## Work required
Copy the listing exactly as given. Omit every picture.

## Source data
--
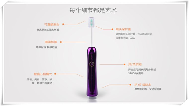 这款电动牙刷采用环保材料,入口触感舒适,可更换刷头,带刷头保护盖,IP67级防水。在设计上分为洁齿、美白、洁净、护理、敏感等智能五档模式,并有超长使用时间,采用无线感应式充电,拿起即用,放下即充。每次充电9小时左右,大概使用20天左右。
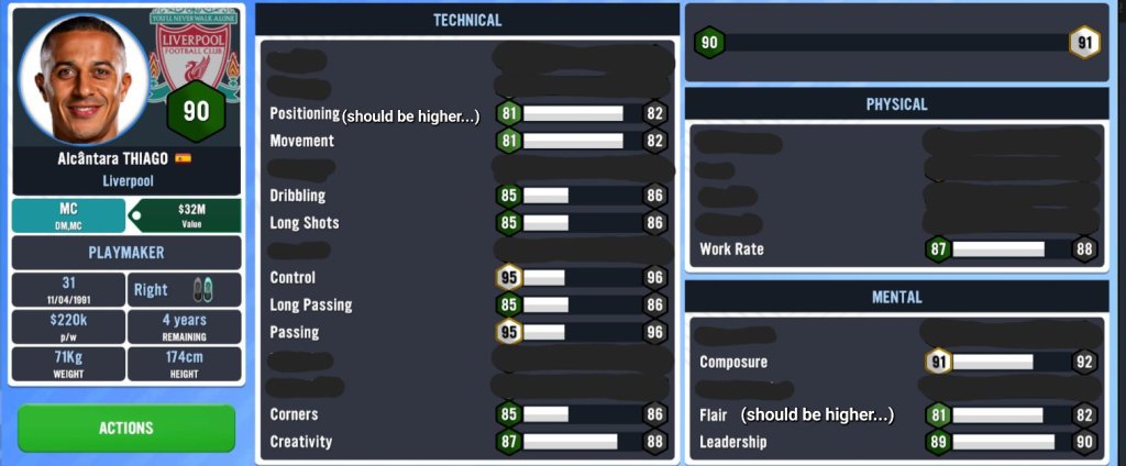 Here are the all too important attributes for Thiago. As you can see, Thiago has a lot of similarities to Marco in that they both have basically the exact same attributes that are around the ’80+’ range. There are some issues with Thiago’s abilities that I am not too pleased with, however. First of all, his ‘Positioning’ should be higher simply because he was a graduate of the La Masia school of Football where positioning was one of the mandatory requirements in order for a youngster to continue on his path to the first team. While his ‘Long passing’ (even though I didn’t make a note of it) should also be higher since he is actually a better overall passer than Marco Verratti. Lastly, his ‘Flair’ is only at ’81’… I mean, this guy is the epitome of elegance, balance, press resistance, and just overall top body usage to get out of any danger. It should most definitely be within the ’90’s’
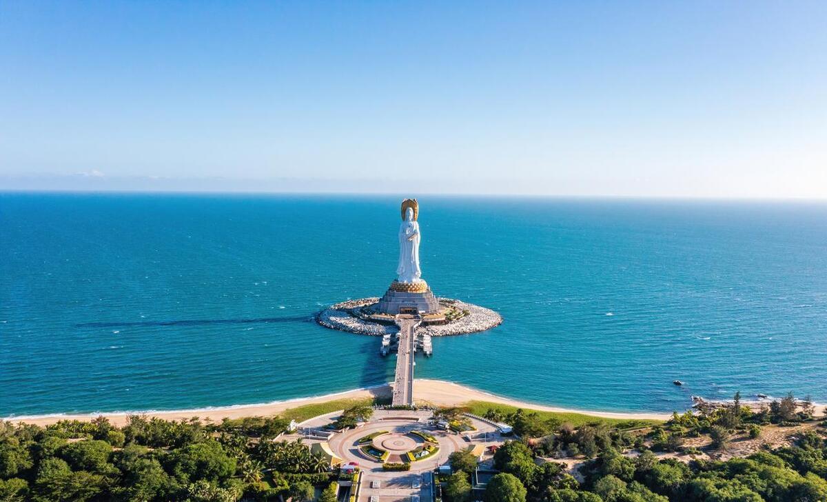南山文化旅游区山海风光,碧海蓝天,沙滩柔软,虔诚的佛教气息浓厚;来到海中观世音菩萨像前,便能深深感受到它的宏伟。一步步走向普济桥,心中忽然有一种安定和庄严的感觉。
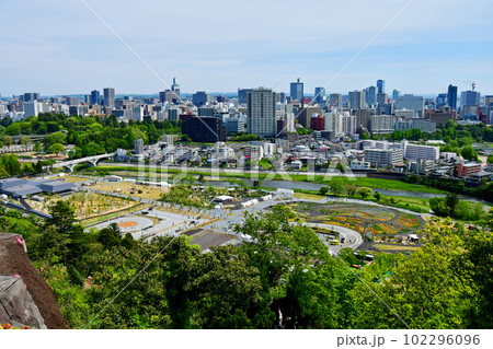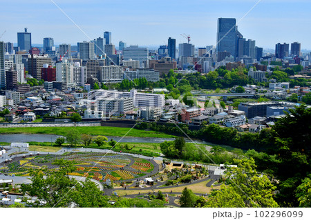 仙台市、花と杜のフェア会場から眺める市内街並みの風景
--
## Output of the exercise
 这款电动牙刷采用环保材料,入口触感舒适,可更换刷头,带刷头保护盖,IP67级防水。在设计上分为洁齿、美白、洁净、护理、敏感等智能五档模式,并有超长使用时间,采用无线感应式充电,拿起即用,放下即充。每次充电9小时左右,大概使用20天左右。
 Here are the all too important attributes for Thiago. As you can see, Thiago has a lot of similarities to Marco in that they both have basically the exact same attributes that are around the ’80+’ range. There are some issues with Thiago’s abilities that I am not too pleased with, however. First of all, his ‘Positioning’ should be higher simply because he was a graduate of the La Masia school of Football where positioning was one of the mandatory requirements in order for a youngster to continue on his path to the first team. While his ‘Long passing’ (even though I didn’t make a note of it) should also be higher since he is actually a better overall passer than Marco Verratti. Lastly, his ‘Flair’ is only at ’81’… I mean, this guy is the epitome of elegance, balance, press resistance, and just overall top body usage to get out of any danger. It should most definitely be within the ’90’s’
南山文化旅游区山海风光,碧海蓝天,沙滩柔软,虔诚的佛教气息浓厚;来到海中观世音菩萨像前,便能深深感受到它的宏伟。一步步走向普济桥,心中忽然有一种安定和庄严的感觉。
 仙台市、花と杜のフェア会場から眺める市内街並みの風景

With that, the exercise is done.